34:00Il en est ressorti que la grande tâche rouge constituait une tempête colossale, tournant dans le sens antihoraire et interagissant
34:07avec de plus petites tempêtes alentour.
34:10Les sondes ont également mis au jour un anneau ténu et poussiéreux autour de Jupiter.
34:14L'exploration de ces lunes révéla des volcans actifs sur Io, des formations linéaires sur Europe suggérant un océan dissimulé
34:21sous la glace,
34:22et confirma que Ganymède est la plus grande lune du système solaire, dépassant même Titan, satellite de Saturne.
34:29Les sondes poursuivirent ensuite en survolant Saturne.

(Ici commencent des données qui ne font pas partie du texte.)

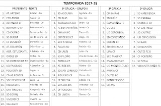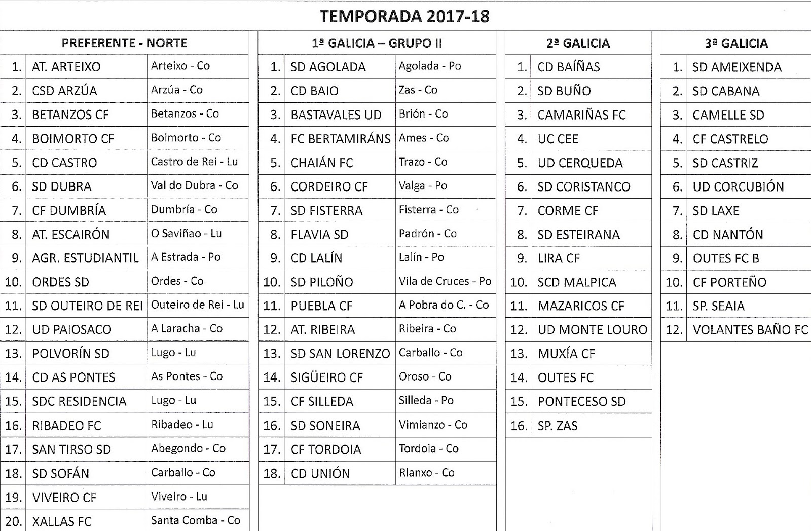 Xa podemos ofrecer o organigrama da temporada 2017-18, unha vez se definiron coas promocións de ascenso todas as categorías nas que figuran os equipos costeiros. Na Preferente Grupo Norte competirán 3 equipos da Costa (CF Dumbría, SD Sofán e Xallas FC); en total, serán 12 equipos da provincia coruñesa, 7 da de Lugo e 1 da de Pontevedra. Na 1ª Galicia, no seu Grupo 2, compiten este ano só catro equipos da Costa (CD Baio, SD Fisterra, SD San Lorenzo e SD Soneira); cinco serán os equipos pontevedreses e outros catro da comarca do Barbanza, como desprazamentos máis lonxanos. A Liga da Costa, na 2ª Galicia Grupo 2, contará esta vindeira temporada coa novidade de volver ser 16 equipos, coas novidades dos descendidos Outes FC e Sp. Zas e os ascendidos Muxía CF e Lira CF. O obxectivo de reducir a Liga da Costa foi aumentar o grupo costeiro da 3ª Galicia, que en principio contaría con 12 equipos, a falta de confirmar a presenza de todos os que competiron esta última temporada e que non apareza ningún outro novo (con rumores de reaparición do Muros SD).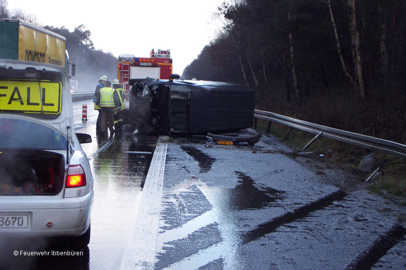 Der Löschzug Stadtmitte 2 der Feuerwehr Ibbenbüren wurde am Mittwochnachmittag gegen 14:40 Uhr zu einem Verkehrsunfall mit Lkw alarmiert.Nach einem sehr heftigen Hagelschauer war ein Kleintransporter aus bisher ungeklärter Ursache verunglückt und dabei auf der Fahrzeugseite zum Liegen gekommen. Es war jedoch niemand eingeklemmt und es liefen auch keine Betriebsstoffe aus, so dass sich die Arbeit der Feuerwehr auf das Abklemmen der Fahrzeugbatterie beschränkte.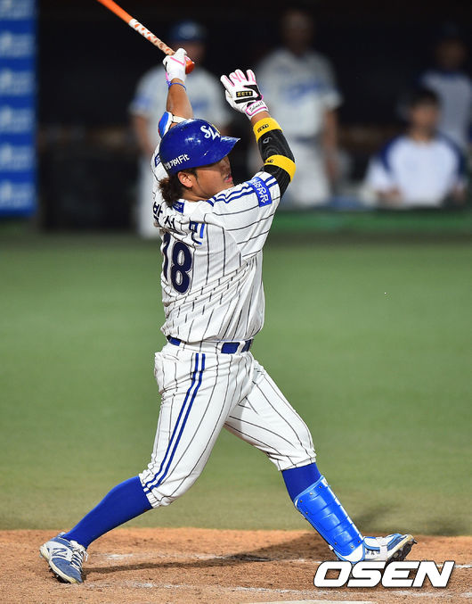 12일 오후 대구구장에서 열린 2014 한국야쿠르트 세븐 프로야구 삼성 라이온스와 SK 와이번스의 경기 9회말 2사 1루 삼성 박석민이 2점 홈런을 날리고 있다. 박석민은 이 홈런으로 통산 66번째 500타점을 기록했다.

34:32Elles analysèrent l'atmosphère de la planète et étudièrent en détail ses célèbres anneaux,
34:38mettant en évidence des lacunes et des ondulations toujours observables aujourd'hui.

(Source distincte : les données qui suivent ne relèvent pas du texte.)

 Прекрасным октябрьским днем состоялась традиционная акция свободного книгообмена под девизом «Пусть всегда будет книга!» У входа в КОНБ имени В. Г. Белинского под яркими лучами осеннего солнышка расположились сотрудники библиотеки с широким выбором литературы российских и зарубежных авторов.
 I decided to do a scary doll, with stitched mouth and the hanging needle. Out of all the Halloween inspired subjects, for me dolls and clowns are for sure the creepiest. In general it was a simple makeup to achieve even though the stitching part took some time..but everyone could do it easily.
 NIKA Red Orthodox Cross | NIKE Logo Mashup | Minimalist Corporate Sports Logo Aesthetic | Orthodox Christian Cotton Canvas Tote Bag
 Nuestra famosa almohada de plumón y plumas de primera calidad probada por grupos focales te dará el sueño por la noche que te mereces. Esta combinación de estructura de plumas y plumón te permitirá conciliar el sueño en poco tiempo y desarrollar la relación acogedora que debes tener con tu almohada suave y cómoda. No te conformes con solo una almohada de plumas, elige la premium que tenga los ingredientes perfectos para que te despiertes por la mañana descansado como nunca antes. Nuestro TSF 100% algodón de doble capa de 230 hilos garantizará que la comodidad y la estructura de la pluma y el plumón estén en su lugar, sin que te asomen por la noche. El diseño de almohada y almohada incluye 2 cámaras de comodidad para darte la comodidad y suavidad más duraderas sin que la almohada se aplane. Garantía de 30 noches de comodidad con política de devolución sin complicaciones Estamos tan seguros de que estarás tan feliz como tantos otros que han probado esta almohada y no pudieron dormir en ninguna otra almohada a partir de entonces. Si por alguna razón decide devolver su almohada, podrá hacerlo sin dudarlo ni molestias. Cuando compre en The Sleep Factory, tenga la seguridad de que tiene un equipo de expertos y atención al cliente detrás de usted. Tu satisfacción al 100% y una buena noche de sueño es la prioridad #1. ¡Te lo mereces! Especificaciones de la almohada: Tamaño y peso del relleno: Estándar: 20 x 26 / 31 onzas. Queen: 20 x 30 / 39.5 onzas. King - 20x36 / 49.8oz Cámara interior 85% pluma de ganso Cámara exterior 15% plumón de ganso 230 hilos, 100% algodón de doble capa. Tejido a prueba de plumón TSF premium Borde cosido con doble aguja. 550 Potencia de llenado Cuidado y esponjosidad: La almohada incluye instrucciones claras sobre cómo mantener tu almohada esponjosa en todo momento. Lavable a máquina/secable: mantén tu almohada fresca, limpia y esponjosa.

34:43Voyager 1 parvint à percer l'épaisse brume de Titan,
34:46et suggéra que cette lune pourrait abriter des hydrocarbures liquides à sa surface,
34:51hypothèse confirmée plus tard par d'autres missions.
34:53La sonde découvrit également trois nouvelles lunes en orbite autour de Saturne.
34:57Atlas, Prométhée et Pandore.
35:00Après Saturne, Voyager 1 poursuivit sa route hors du système solaire,
35:04tandis que Voyager 2 se dirigea vers Uranus.
35:08Elle y découvrit onze nouvelles lunes ainsi que deux anneaux.
35:11La sonde observa aussi des caractéristiques inhabituelles,
35:14dont le champ magnétique singulier d'Uranus
35:16et une différence de température étonnamment faible entre son équateur et ses pôles.
35:21La dernière étape planétaire de Voyager 2 fut Neptune,
35:25atteinte douze ans après son départ de la Terre.
35:28La sonde y identifia six petites lunes ainsi que des anneaux entourant la planète.
35:33Elle étudia l'atmosphère et le champ magnétique de Neptune
35:36et observa des manifestations volcaniques sur Triton, sa plus grande lune.
35:41Par la suite, Voyager 2 rejoignit Voyager 1 dans sa progression vers l'espace interstellaire.
35:47Voyager 1 y entra en août 2012, suivi par Voyager 2 en novembre 2018.
35:53Ces missions ont permis aux scientifiques d'estimer la limite de notre système solaire
35:58à environ 16 milliards de kilomètres du Soleil.
36:01Les sondes continuent encore aujourd'hui de transmettre des données sur cette région énigmatique.
36:06A noter qu'après ses visites planétaires, Voyager 1 a pris la célèbre photographie de la Terre,
36:12le point bleu pâle, depuis environ 5,9 milliards de kilomètres.
36:17Aujourd'hui, Voyager 1 se trouve à près de 25 milliards de kilomètres de la Terre,
36:22tandis que Voyager 2 en est à environ 21 milliards.
36:25Chaque sonde voyagée embarque un disque en or,
36:28conçu comme une capsule temporelle de la Terre à destination d'éventuelles civilisations extraterrestres.
36:35Leur face supérieure indique comment les lire,
36:37présente une carte situant la Terre et le schéma d'un atome d'hydrogène.
36:42Ces disques sont plaqués d'uranium,
36:44dont la désintégration peut servir à dater leur fabrication.
36:48Ils contiennent 115 images montrant la Terre,
36:51les humains, les animaux, les plantes et le système solaire,
36:55ainsi que des sons naturels comme le bruit des vagues et le chant des oiseaux,
36:59des salutations en 55 langues,
37:01des ondes cérébrales et un ensemble musical allant de Beethoven à Chuck Berry,
37:06en passant par des chants traditionnels.